What happened

Shares of consulting company Accenture (ACN 0.35%) took off like a rocket Thursday morning and are up 8.6% as of 10:35 a.m. ET.

Accenture reported huge beats on the top and bottom lines in its earnings report for the fiscal first quarter of 2022 this morning. Instead of the $12.6 billion in revenue that analysts had projected, Accenture took in $15 billion in the quarter. Instead of analysts' projected $2.36 per share in profit, Accenture earned $2.78 per share.  

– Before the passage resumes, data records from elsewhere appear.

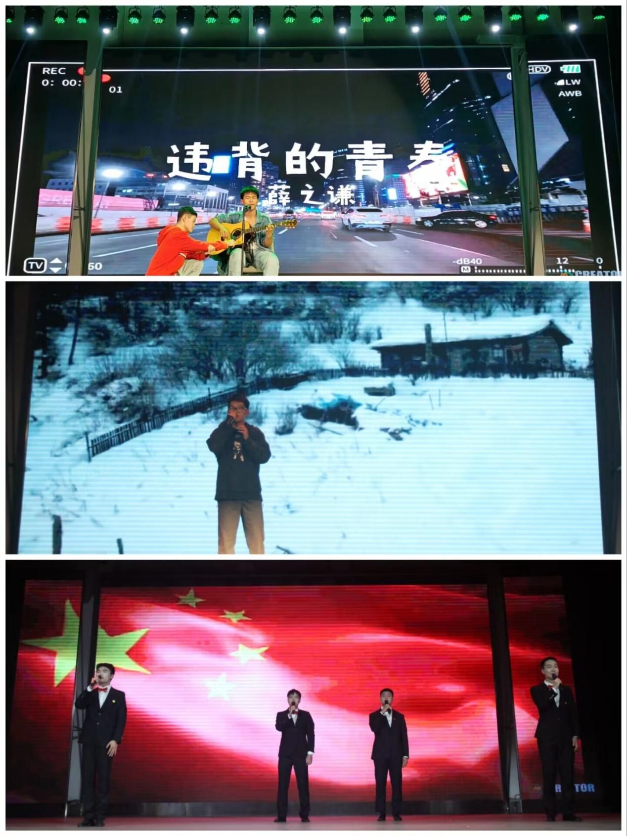 爵士舞《all night》将现场氛围烘托到又一个高潮。飘逸的长发,动感的舞姿,绚烂的灯光,歌舞之中,将青春自信的风采展现得淋漓尽致。随后,马晨阳一曲萨克斯独奏《猪猪侠》展现了经典与流行的完美碰撞。由主持朗诵团带来的《可爱的中国》朗诵溢出了浓浓的赤子之情,在字字铿锵有力的朗诵下,在场观众无不心潮澎湃,为之动容。最后,在晚会的尾声,民歌《南山南》与吉他弹唱《违背的青春》以悠扬的歌声作结,余音缭绕,沁人心脾。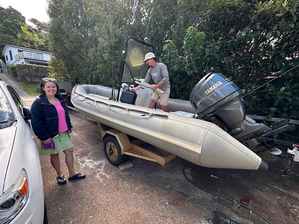 Es wird ein wunderschönes Wochenende. Jacqui und Phil sind leidenschaftliche Wingfoiler und auf der Terrasse direkt am Meer findet sich denn auch eine reichliche Auswahl an Spielzeugen. Der Wind hat allerdings ebenfalls eine Auszeit genommen. Kein Problem, wechseln wir hat auf ein anderes Spielzeug: mit dem Mini-Traktor zieht Phil sein kräftig motorisiertes RIB-Schlauchboot etwa 100 m die Straße hinunter zur Slipbahn.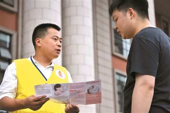 ■“托举哥”周冲为市民介绍“地贫”相关知识。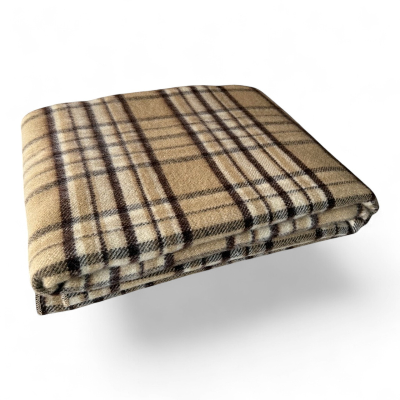 Merino Wool Blanket with Premium Box and Overlocked Edge - Model Autumn - Classic - 150x200 cm - Brown/Beige Checkered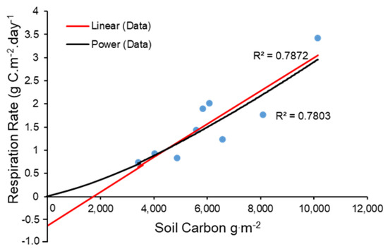 Two alternative regression lines fit to measures of microbial respiration plotted versus measured soil carbon density (data from [35]). The red line is a linear fit, while the black curve is a power function fit from a ln-ln regression. Note that extrapolation of the linear fit to low soil carbon densities results in untenable negative estimates of microbial respiration.

Arrow angles up on a green stock chart.

Image source: Getty Images.

So what

Accenture grew its revenue 27% year over year, and its earnings 20% (or 28% on a pro forma basis). Operating profit margins expanded by 20 basis points, helping to keep pro forma profits rising faster than revenue.  

Perhaps best of all, Accenture pointed out that it grew its "new bookings" (future revenue) by 30%. The logical implication: Revenue that grew rapidly in Q1 might grow even faster in future quarters.

Now what

As it turned out, however, Accenture played things conservatively on the guidance front. The company did incorporate its better-than-expected Q1 numbers into guidance, but still said it thinks revenue will rise only 19% to 22% this year (i.e., slower than in Q1), with earnings ranging from $10.32 to $10.60, and positive free cash flow (FCF) of $7.7 billion to $8.2 billion.

Really, if there's anything to quibble with at Accenture this quarter, it's not the performance -- it's the stock price. At a valuation in excess of $240 billion, and a stock price that's up more than 40% over the past year, Accenture stock currently costs more than 30 times its anticipated free cash flow through the end of the year.

Even if the company manages to grow FCF as fast as bookings grew last quarter (30%), the stock looks fully valued to me.